The banking index has fallen 18 per cent from a record high 37,708 hit on February 16, as rising Covid infections and localised lockdowns have led investors to believe that concerns around asset quality will only worsen.
Technically, a more than 20 per cent fall from peak is termed as bear market in a security or index.
During the March crash, Nifty Bank had tanked 34 per cent and almost 50 per cent from its record high. Analysts believe with the threat of a nation-wide lockdown looming amid a rapid rise in Covid infections, the banking sector will bear the heaviest burden.
“Banks remain on the forefront of the selloff. If the (Nifty) Bank index breaks below 30,000 level, then there is no telling where the bottom will form. But it will be at least 2,000-3,000 points below the current support,” said Bhavin Mehta of Dolat Capital Markets.

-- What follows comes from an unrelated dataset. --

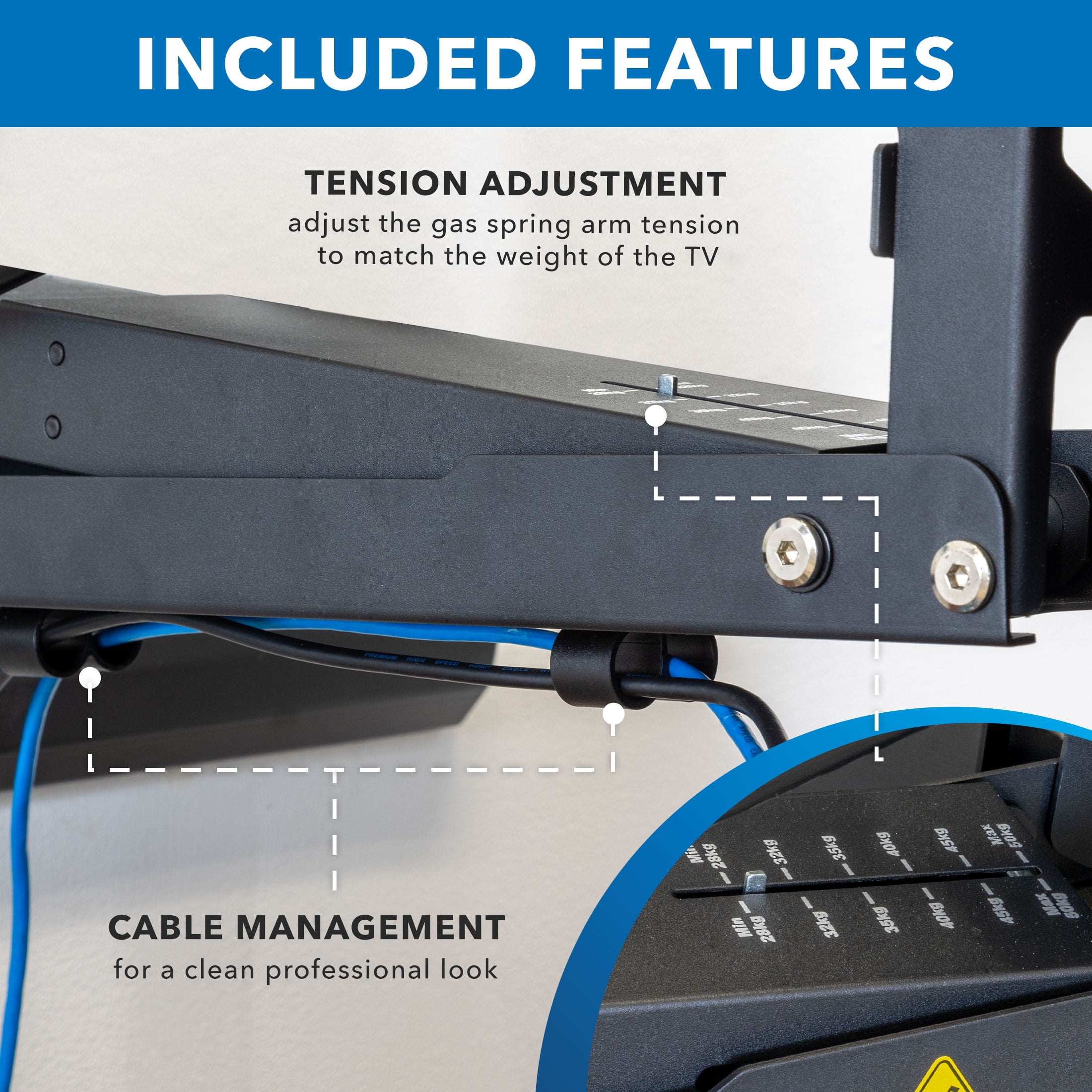 - Easily adjust your TV with fluid, tool-less height adjustment with the counterbalance gas spring arm

For banks, the localised lockdowns announced in major states like Maharashtra, Delhi, Rajasthan, Madhya Pradesh and others came as a sucker punch just as loan collections and credit growth had started to normalise after the shock of the first national lockdown.
The uncertainty of the current situation was exemplified by HDFC Bank’s decision to defer its final dividend payment for the second year running in the wake of the second Covid wave.
“Given that the current ‘second wave’ has significantly increased the number of Covid-19 cases in India and uncertainty remains, the board has considered it prudent to currently not propose any dividend,” the bank said in its Q4 earnings announcement on Saturday.
HDFC Bank’s conservatism in not paying the dividend is being read by some money managers as a sign of things to come in the coming months, as the second wave rips through the country’s tier-I and tier-II cities, geographies that account for the majority of Indian banks’ loan books.
“As a conservative bank if they are taking this stance, then they might be seeing more stress than what many of the analysts are seeing at this stage. That is the perspective with which people should look at markets,” Sandip Sabharwal, an independent investment adviser and former fund manager with SBI Mutual Fund, told ETNow.
Global credit rating agency Fitch, in a recent note, said the second wave of Covid-19 poses extreme risk to small business and retail loans of Indian banks. In a post-earnings conference call, HDFC Bank said the cheque bounce rate of retail customers has been increasing in recent weeks.
In this backdrop, analysts believe that buying the dip in banking stocks may not be the most prudent strategy for investors.
“We believe near-term growth momentum and asset quality improvement could be at risk. Hence, we recommend investors to stay put in quality stocks,” brokerage firm Emkay Global Markets said in a recent note.